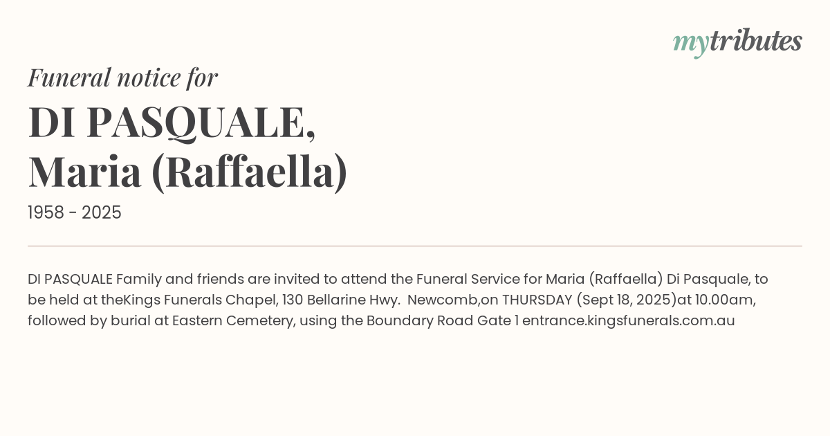 at 10.00am, followed by burial at Eastern Cemetery, using the Boundary Road Gate 1 entrance.
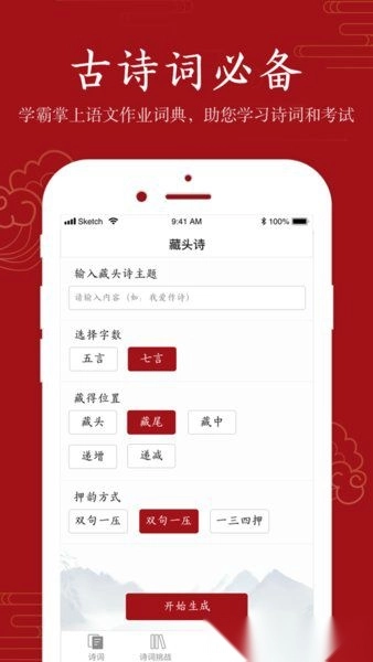 无论是即兴赋诗、表白心意、愚人玩笑,还是欣赏诗句、陶冶情操,它都是必备神器;拥有超巨量诗词库,支持字数字体设置、韵脚位置调整,新增谐音正音功能与藏字位置设定,还可一键分享。
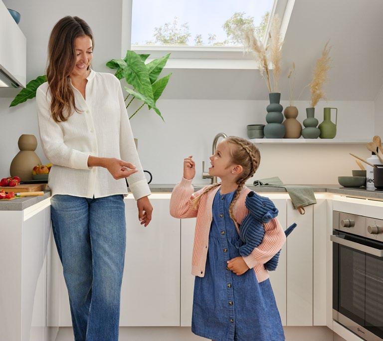 4th floor, about 50 square metres, sloping ceilings: mother and child livingtogether in a small space – this calls for creative planning. Yet storage space galore can be created in oddly shaped spaces too. Whether narrow passages, alcoves or spaces with sloping ceilings: anyone with clever planning ideas can create a homely and inviting kitchen with shelves, low wall units and a variety of corner solutions.
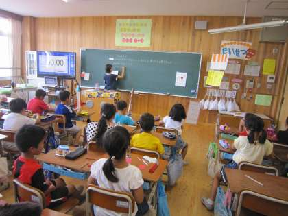 3年2組では,図工の時間に「ゴムの力で」というテーマで作った作品について,「自分や友達の作品について考えたことや感じたことを書こう」としていました。
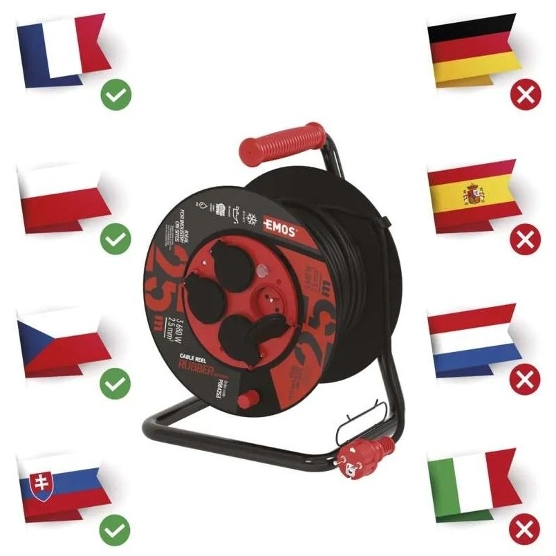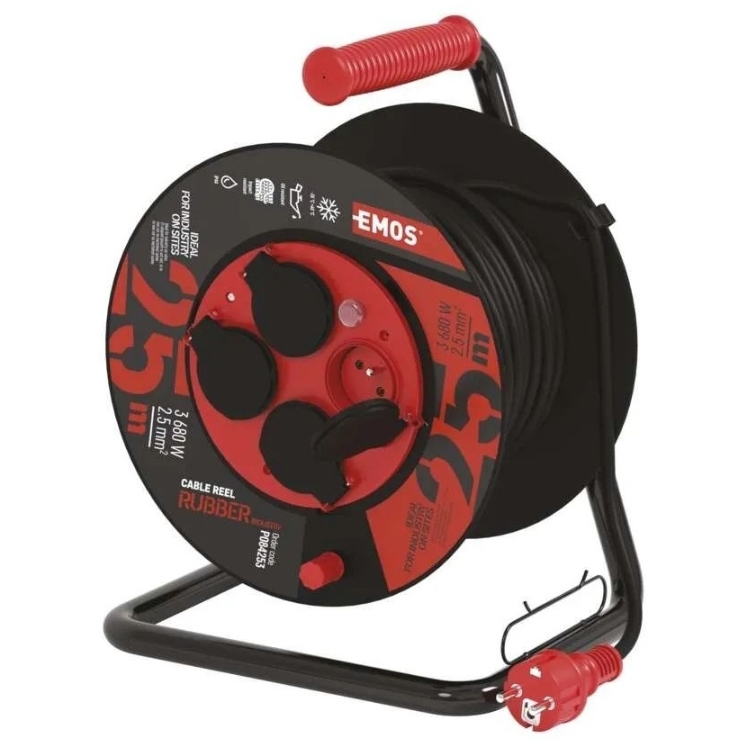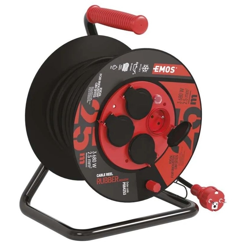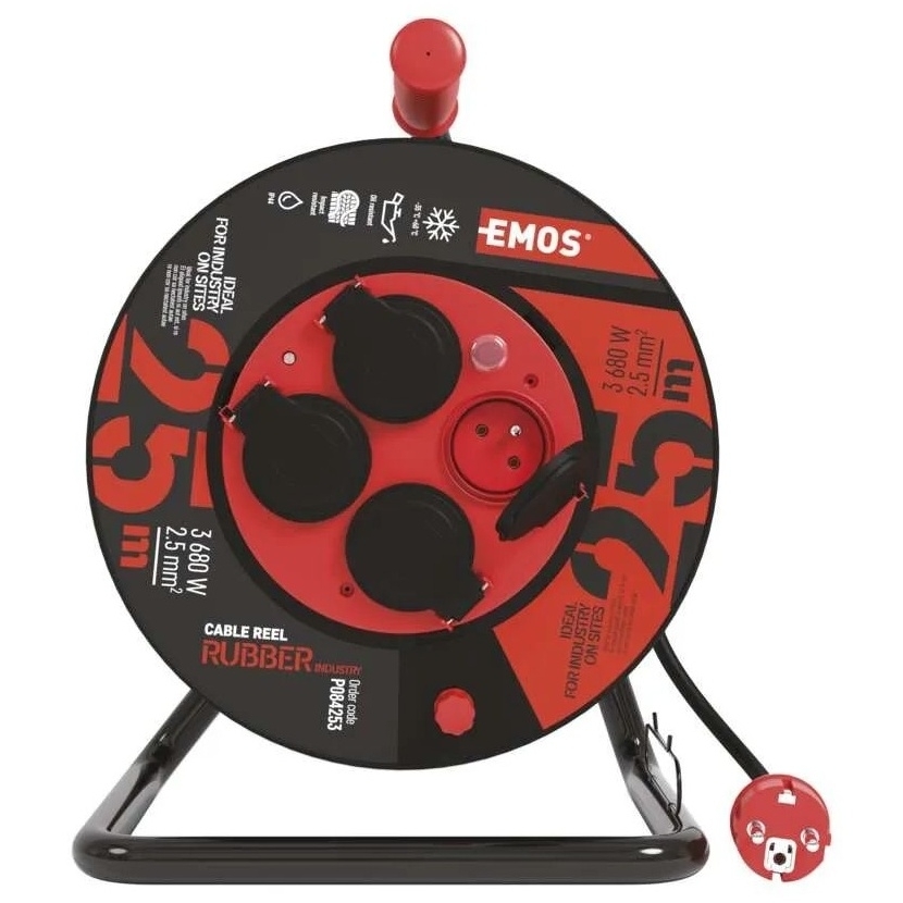 EMOS Venkovní prodlužovací kabel na bubnu 25 m / 4 zás. / černý / guma-neopren / 230V / 2,5 mm2
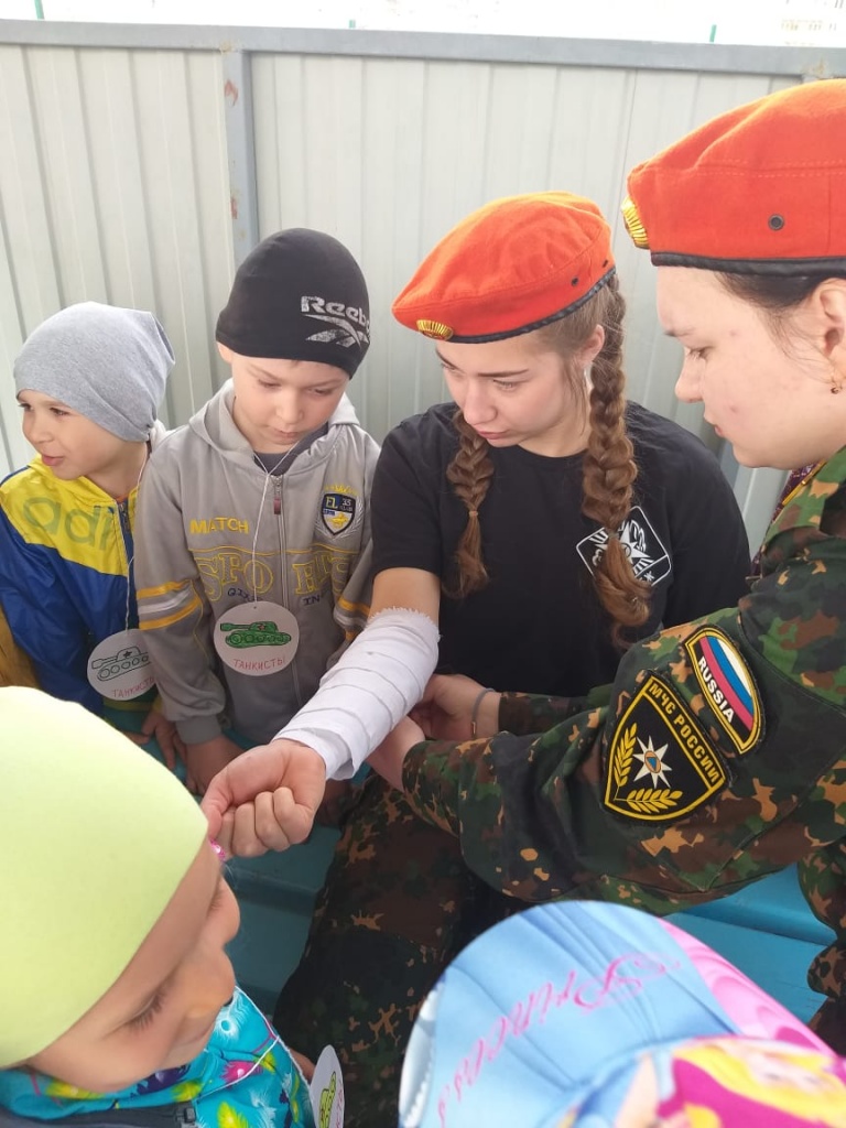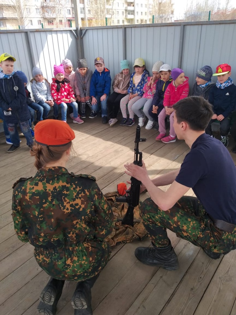 Данное мероприятие было приурочено к годовщине Победы в Великой Отечественной войне. Дети активно принимали участие в спортивных конкурсах и заданиях, посоревновались в перетягивании каната, определили, кто самый быстрый и ловкий, познакомились с устройством автомата Калашникова, узнали основы оказания первой помощи, попробовали наложить повязки.
--*--
In transcribing the listing, keep each word as it is and drop the pictures.

 at 10.00am, followed by burial at Eastern Cemetery, using the Boundary Road Gate 1 entrance.
 无论是即兴赋诗、表白心意、愚人玩笑,还是欣赏诗句、陶冶情操,它都是必备神器;拥有超巨量诗词库,支持字数字体设置、韵脚位置调整,新增谐音正音功能与藏字位置设定,还可一键分享。
 4th floor, about 50 square metres, sloping ceilings: mother and child livingtogether in a small space – this calls for creative planning. Yet storage space galore can be created in oddly shaped spaces too. Whether narrow passages, alcoves or spaces with sloping ceilings: anyone with clever planning ideas can create a homely and inviting kitchen with shelves, low wall units and a variety of corner solutions.
 3年2組では,図工の時間に「ゴムの力で」というテーマで作った作品について,「自分や友達の作品について考えたことや感じたことを書こう」としていました。
 EMOS Venkovní prodlužovací kabel na bubnu 25 m / 4 zás. / černý / guma-neopren / 230V / 2,5 mm2
 Данное мероприятие было приурочено к годовщине Победы в Великой Отечественной войне. Дети активно принимали участие в спортивных конкурсах и заданиях, посоревновались в перетягивании каната, определили, кто самый быстрый и ловкий, познакомились с устройством автомата Калашникова, узнали основы оказания первой помощи, попробовали наложить повязки.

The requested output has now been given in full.